THEOLOGY IN HISTORY AND INTERPRETATION
Summary of the Scholarship
To what extent should historical theology function as a source for the other branches of theological science? Here we are asking not merely the method of inquiry within the historical, but also the mode of interdisciplinary relationship. Walter Rauschenbusch observed that different eras in church history have tended to favor exegetical, dogmatic, historical, or practical theology in a more or less principial fashion.1 Much like the progenitors of the “Calvin versus the Calvinist” thesis, Rauschenbusch exaggerates the antithesis between humanist and scholastic at points.2
Nevertheless it is worth noting that his four main divisions have indeed taken their turns in dominating theology method. What Rauschenbusch does insist upon is “that history holds an essential place in the total of theological sciences.”3 Basic to this viewpoint of the history of theology is an organic and evolutionary form. Doctrines are not merely connected from one era to another,4 but are in the process of development from simple to more complex: “Whatever is now in theology has slowly come to be in it.”5
Writing in the same generation, Mackintos critiques the extravagant claims of the “History of Religions” school. The role that such history plays is essentially comparative religion as a sufficient prolegomena.6
Central to this method are three laws that were set forth by the Heidelberg professor, Ernst Troeltsch: (1) criticism—that all historical conclusions are probabilistic and yield only the moral kind of certainty; (2) relativity—the reduction of seeming isolation or originality of action to the “seamless” current of time; and (3) analogy—or uniformity of natural occurrence.7
The supernatural and exclusive claims of Christianity will not be able to measure up to these standards.8 For Mackintos the more basic question is whether the history of religions method, straying from any dogmatic limitations, can possibly “furnish us with a tenable dogmatic.”9 He answers in the negative.

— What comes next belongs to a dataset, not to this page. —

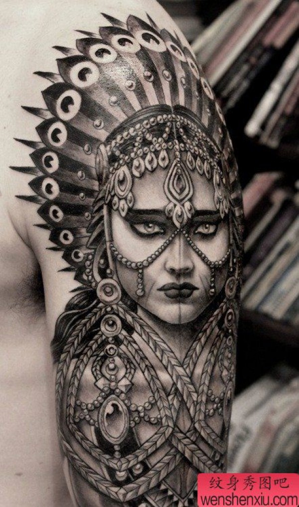 胳膊印第安人物文身作品

A century later, James Kittelson examines the recent ecumenical conferences between Lutherans and Episcopalians, revolving around the sticking point of whether the Augsburg standards can cohere with the idea of “historic episcopacy.” And Willemien Otten attempts to transition from the idea of atonement to that of “attunement” as a better footing for the unity of the Jewish and Christian traditions. Both of these projects highlight the role that historical theology is made to play in informing a contemporary matter of reconciliation.
If the historical record does provide some missing links of relevant doctrinal data, we must ask in what way this is the case. Kittelson laments that those engaged in the present debate have been content to rely on “English translations of outdated editions of texts whose originals are in Early New High German and Latin,”10 and neglecting a most basic piece of evidence: documents on the practice of ordination during the era.11 It was an exercise in both traditions reading through their denominational lens.

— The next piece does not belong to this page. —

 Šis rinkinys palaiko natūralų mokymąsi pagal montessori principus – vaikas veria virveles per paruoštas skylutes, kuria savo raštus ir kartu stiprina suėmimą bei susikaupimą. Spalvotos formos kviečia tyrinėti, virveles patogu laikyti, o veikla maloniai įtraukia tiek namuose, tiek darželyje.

Otten is also after a kind of retrieval. Following in the footsteps of Michael Fishbane’s Sacred Attunement (2008), she is persuaded that an antiphonal relationship between Creator and creature is the basic kind of reconciliation that is required,12 that the authority of creation, not merely pre-dogmatic sources, needs to be consulted. In the course of this analysis, systematic theology is reduced to an “organizational and pedagogical framework” and its speech to “reified … ‘sacred doctrine.’”13 There are unspoken premises, to be sure, and one detects an almost Barthian covenantal dichotomy between the legal and the relational. The state of affairs between God and man cannot be “contractual” to servants, but rather it “gently nudges” participants to embrace: never “forced obedience.”14 And God remains one of the “partners in the exchange.”15
Critical Analysis
Whether one is examining doctrinal development or comparative religion, beginning with the assumption that dogma is entirely a function of history no longer makes for theology. The more obvious case of this involves the History of Religions model. Mackintos comments that “the idea that history is incapable of anything but relatives is a mere prejudice of the mind.”16 This is an understatement.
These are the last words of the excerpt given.